For 5 and 7 the first 2 bits are the same so we can’t use A1 or A2. The third bit differs. This means that we must use A3.
————
If we take the bitwise XOR of 5 and 7 something magical happens. The bitwise xor is an operation on the bits of the same columns. If the bits are the same, then the output bit is a 0. If the bits differ, then the output bit is a 1. So taking the XOR of 5 and 7 makes the first 2 bits a 0 and makes the third bit a 1.
the position of the leftmost 1 bit of the resulting XOR will tell us which level to use. We can compute this in constant time since XOR and leftmost 1 bit are both constant time operations. In c++ you can use special builtin functions to get the leftmost 1 bit. Otherwise you could preprocess this for every XOR output possible.
Once we find the correct level, we can simply use that array to compute the final answer.
The trick with XOR only works if N is a power of 2. If it’s not, then the bits won’t line up with the partitions.
Fortunately, if N is not a power of 2, then we can add null elements to the end until it becomes a power of 2. In the worst case our array size doubles but this won’t change the time complexity since it’s a constant factor.
——————
During preprocessing, In every iteration of the divide and conquer we split our partitions into 2 until the partition size becomes 4. That means there are log(n) - 1 levels. Every level stores N elements. That gives our preprocessing memory to be O(NLogn) which is much better than the quadratic memory we were using in the previous solution. Computing this also takes n log n time since every value in the array can be comp uted looking at the input array and its previous element.
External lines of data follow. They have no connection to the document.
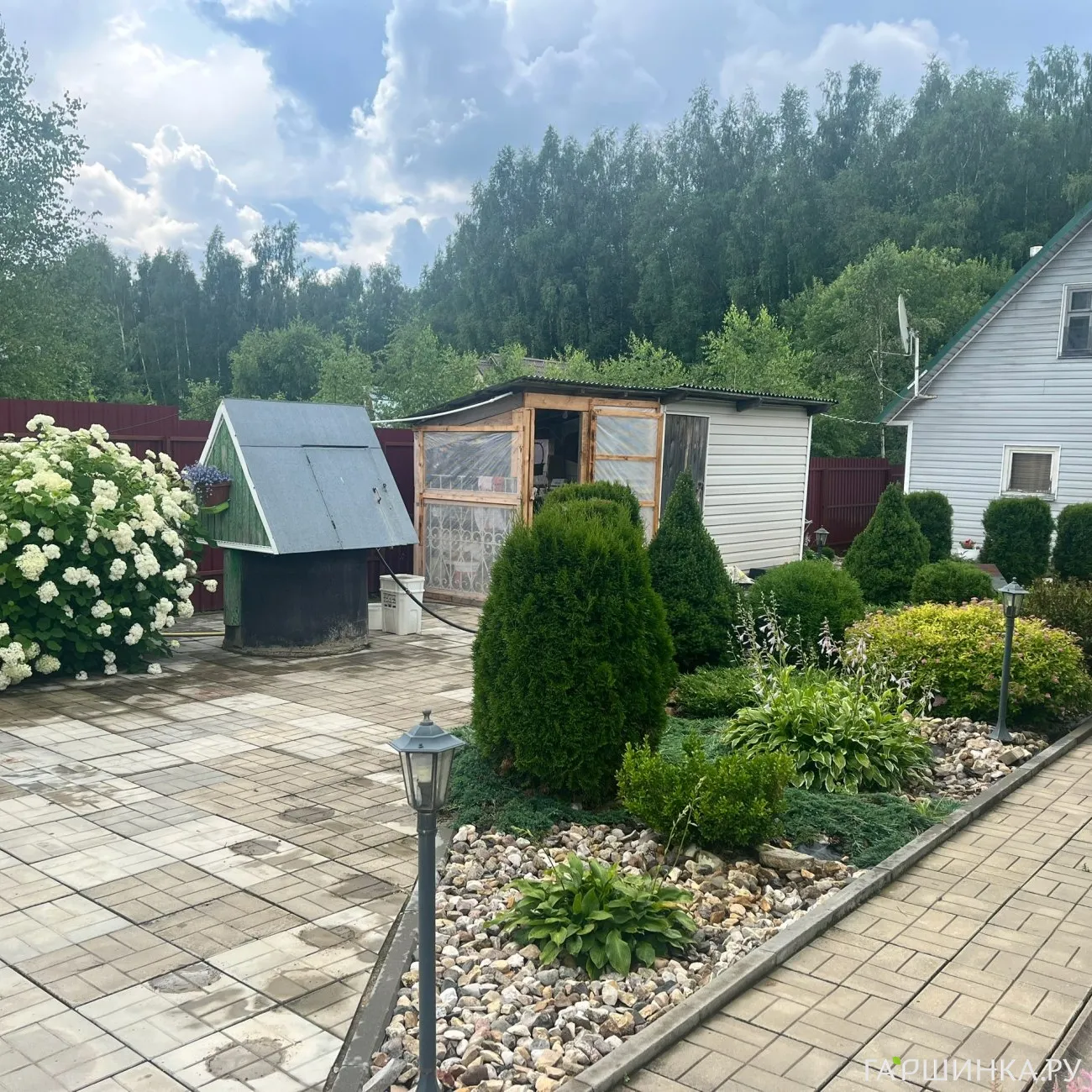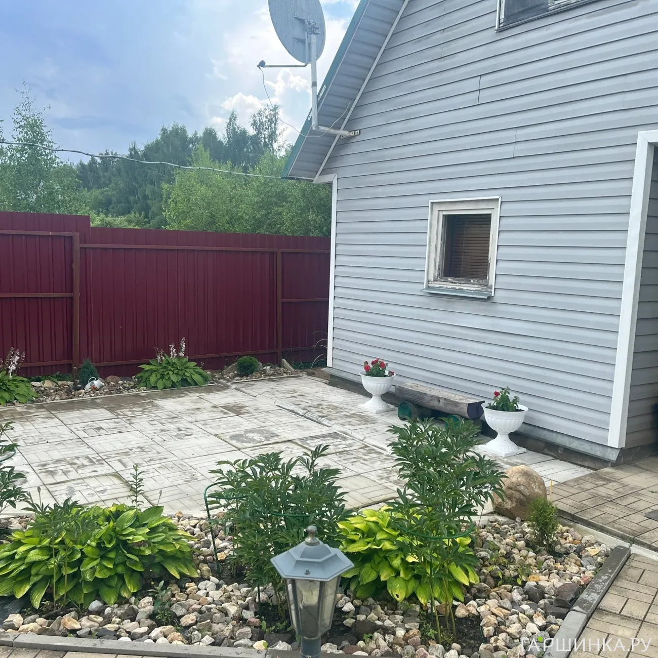 Меня зовут Елена. Я из небольшой деревни Ударник Ленинградской области. Она находится на полуострове в живописном месте между двух рек Лугой и Мертвицей, недалеко от Финского залива. Переехали с мужем чуть более 10 лет на совершенно пустое поле в 15 соток. Начали строительство и благоустройство территории. Приходили с работы, ужинали и на "вторую смену", трудились до позднего вечера. Строили, выкладывали дорожки и бордюры, сажали и пересаживали растения. Я помогала мужу в строительстве, а он - мне. Конечно же уставали, но результатом оставались довольны!
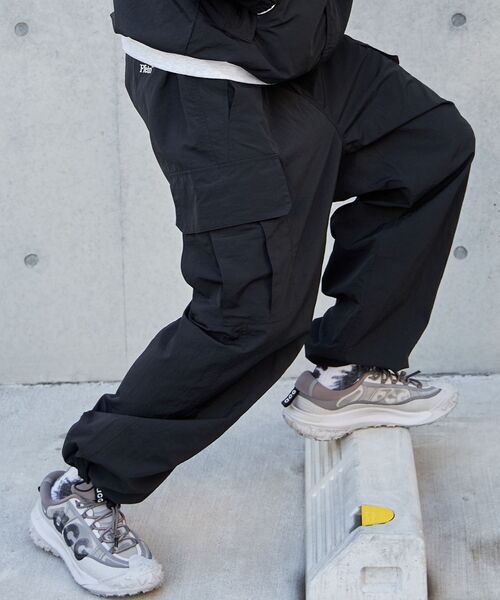 参考商品名:【FFEIN(フェイン)】ナイロンテックワイドカーゴパンツ / ドローコード ブロークコア シティガール シティボーイ ワンポイント シンプル ノームコア
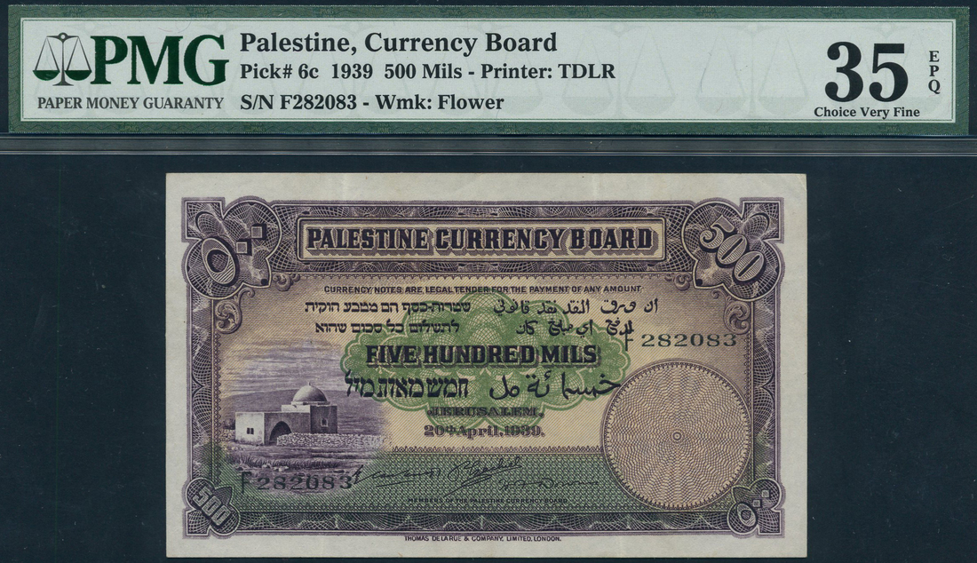 Palestine Currency Board, 500 mils, 20 April 1939, serial number F282083, purple and green, Rachel's tomb on the West Bank at low left, value in each corner and at centre, reverse, Tower of David at centre
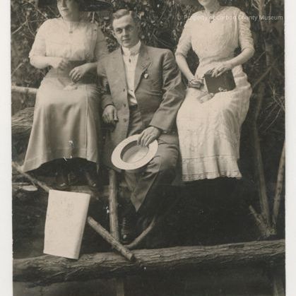 Update 2/2010: Black and white unused postcard print. Image shows a studio portrait of a man sitting on a log fence with a woman on either side of him. the women are all wearing long skirts, longsleeve blouses with high neckline. They have very wide brimmed hats. Foliage and scenery is in the background with a log railing running horizontal along the bottom edge. A white square object is at side left.
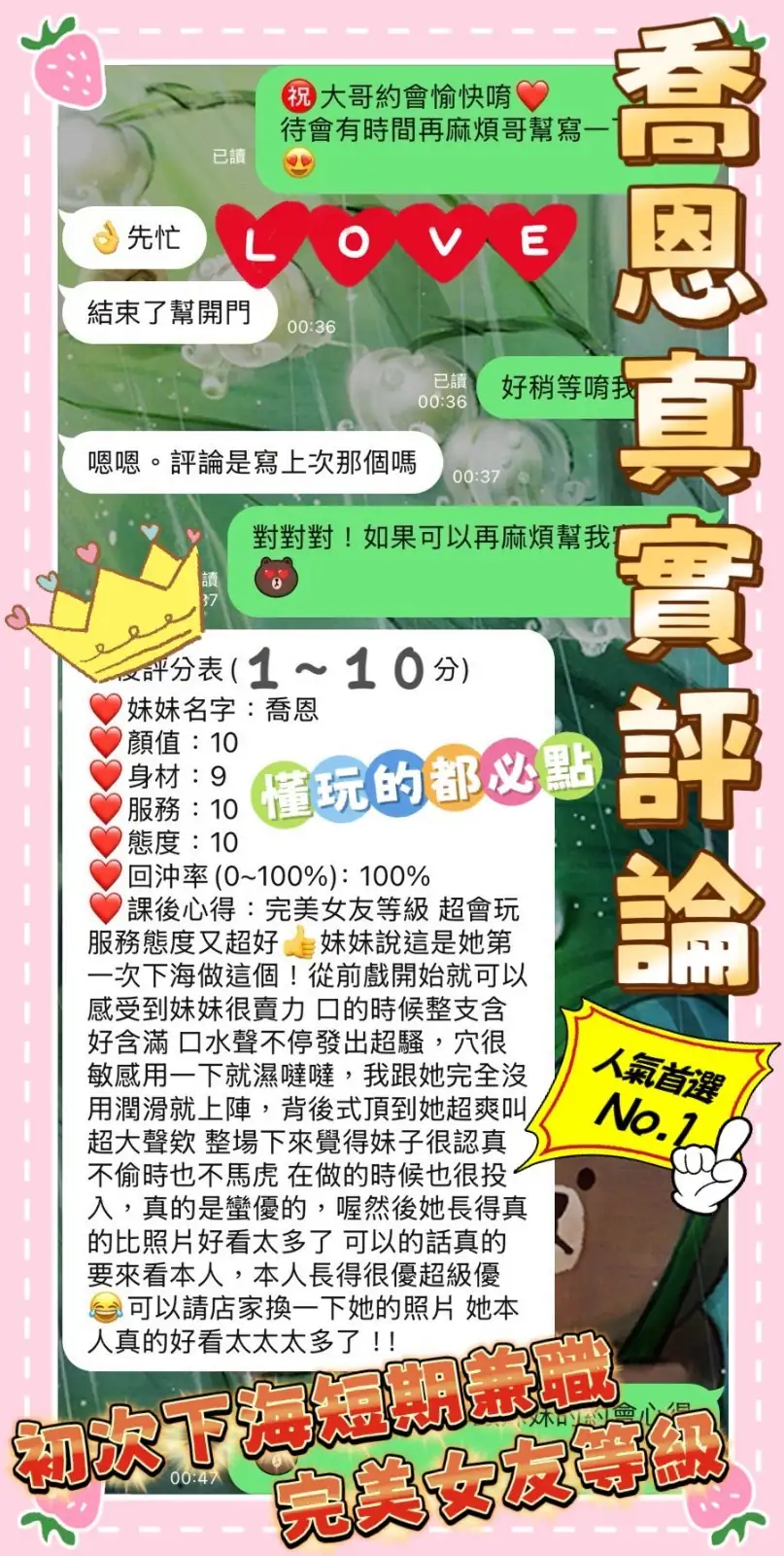 4️⃣見面後確認妹妹滿意後 將現金交給妹妹,即可開始享受服務。
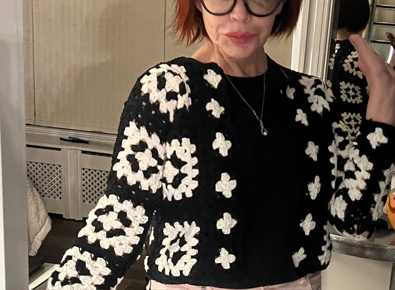 Consider buying our crochet kit that contains the pattern, yarn, and crochet hook you will need to make your very own chic granny square crochet cardigan.
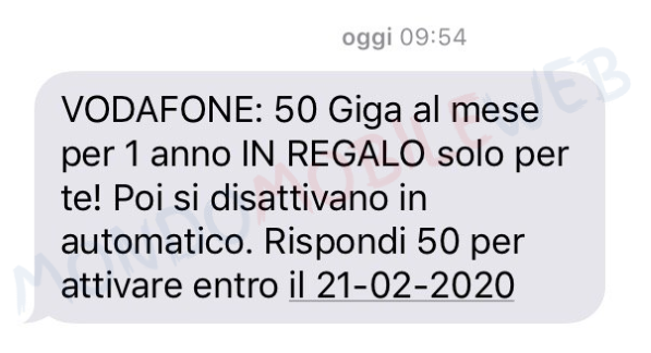 Ecco l’sms informativo nel caso in cui venga proposta tramite messaggio: “Gentile Cliente per te 50 Giga al mese gratis per un anno: puoi attivarli chiamando il 42100 entro il 02/08. Dopo 1 anno si disattivano in automatico e senza alcun costo“.
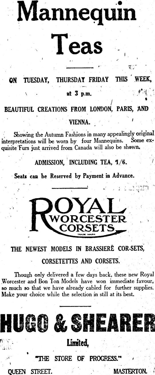 Mannequin Teas ON TUESDAY, THURSDAY FRIDAY THIS WEEK, at 3 p.m. ! s • BEAUTIFUL CREATIONS FROM LONDON, PARIS, AND VIENNA. Showing the Autumn Fashions in many appealingly original interpretations will be worn by four Mannequins. Some exquisite Furs just arrived from Canada will also be shown. ADMISSION, INCLUDING TEA, 1/6. Seats caa be Reserved by Payment in Advance. DOYAI. IVWORCESTER JL THE NEWEST MODELS IN BRASSIERE COR-SETS, CORSETETTES AND CORSETS. Though only delivered a few days back, these new Royal Worcester and Bon Ton Models have won immediate favour, so much so that we have already cabled for further supplies. Make your choice while the selection in still at its best. HUGO &SHEARER Limited, “THE STORE OF PROGRESS.” QUEEN STREET. MASTERTON.
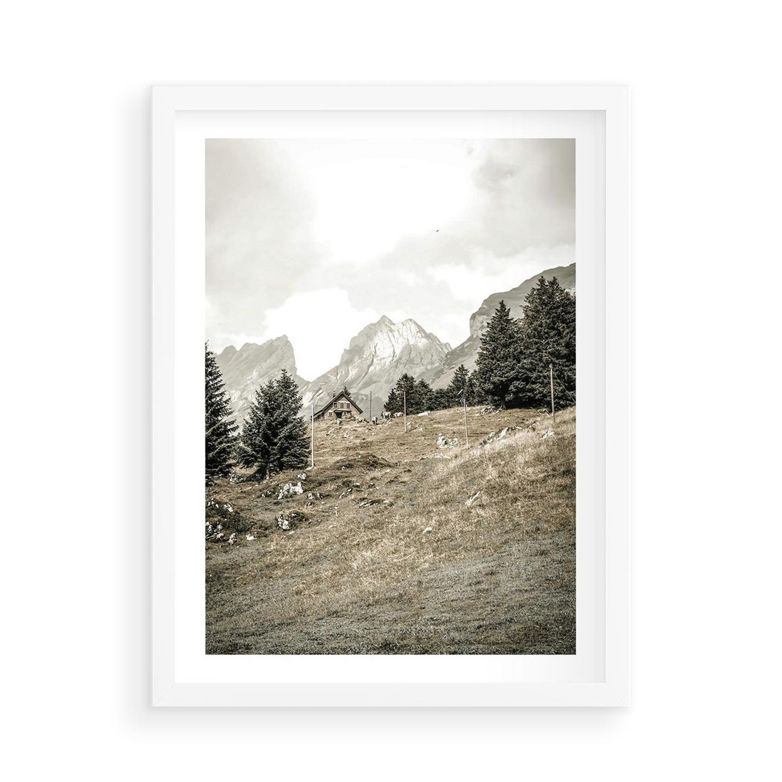 Plakat w ramie 50x70 - Krajobraz Sepii: Domek w Górach - domek w górach, góry - rama biała
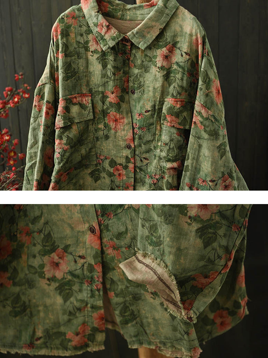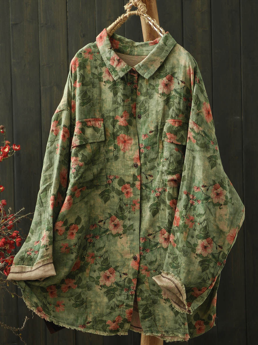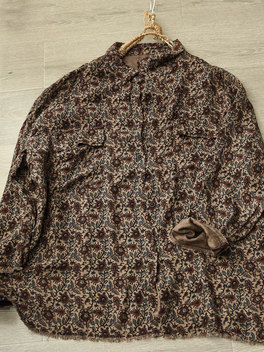 Women Winter Artsy Floral Turn-down Collar Cotton Shirt
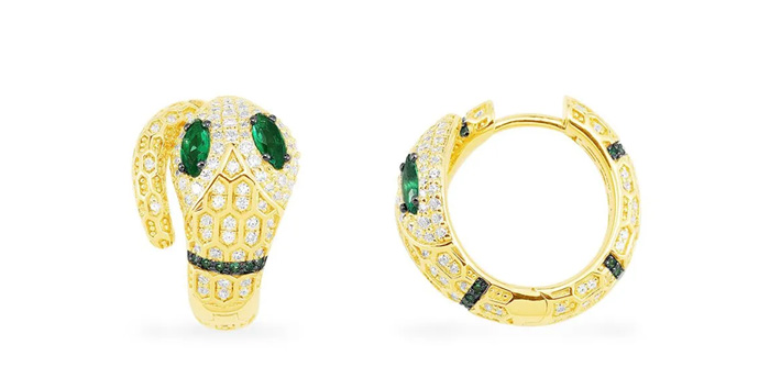 商品编码 | E937212 | 商品名称 | 灵蛇耳环饰绿石 - 金黄色银 |
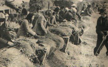 在党的“全党全民动手,大办农业、大办粮食”的伟大号召下,哈尔滨市各个战线上的红旗手、青年们纷纷向党申请,要求到农业生产第一线去。他们共751名青年,带着发愤图强、艰苦奋斗、建设美好幸福的农村人民公社的共同愿望,带着火热的心,到通河县浓河公社安家落户。图为他们放下行李就投入了打场战斗。(1961年)

The query time is O(1) since we need to find the level and then take the min of 2 elements.
—————
Some concluding notes to finish off the video.
Throughout the video we didn’t use any special property of min. The only property we assumed is that we can compute the min in any order. This data structure would work with any other associate operator such as addition, matrix multiplication and convolution.
In terms of performance Nlogn is not the best. We can do even better if we make blocks of size K and recursively apply this data structure to the sub-blocks. The resulting data-structure would have nlog*n preprocessing time. It’s a bit more complex to explain so I am gonna leave this topic for a future video.
Lastly, this data-structure is not common and I discovered it while solving a problem. I’ve seen this been casually referred to as the disjoint-sparse-table. If you have a better names for it, please leave a comment.
Thank you for sticking to the end and I hope you learnt a bit more about data-structures today.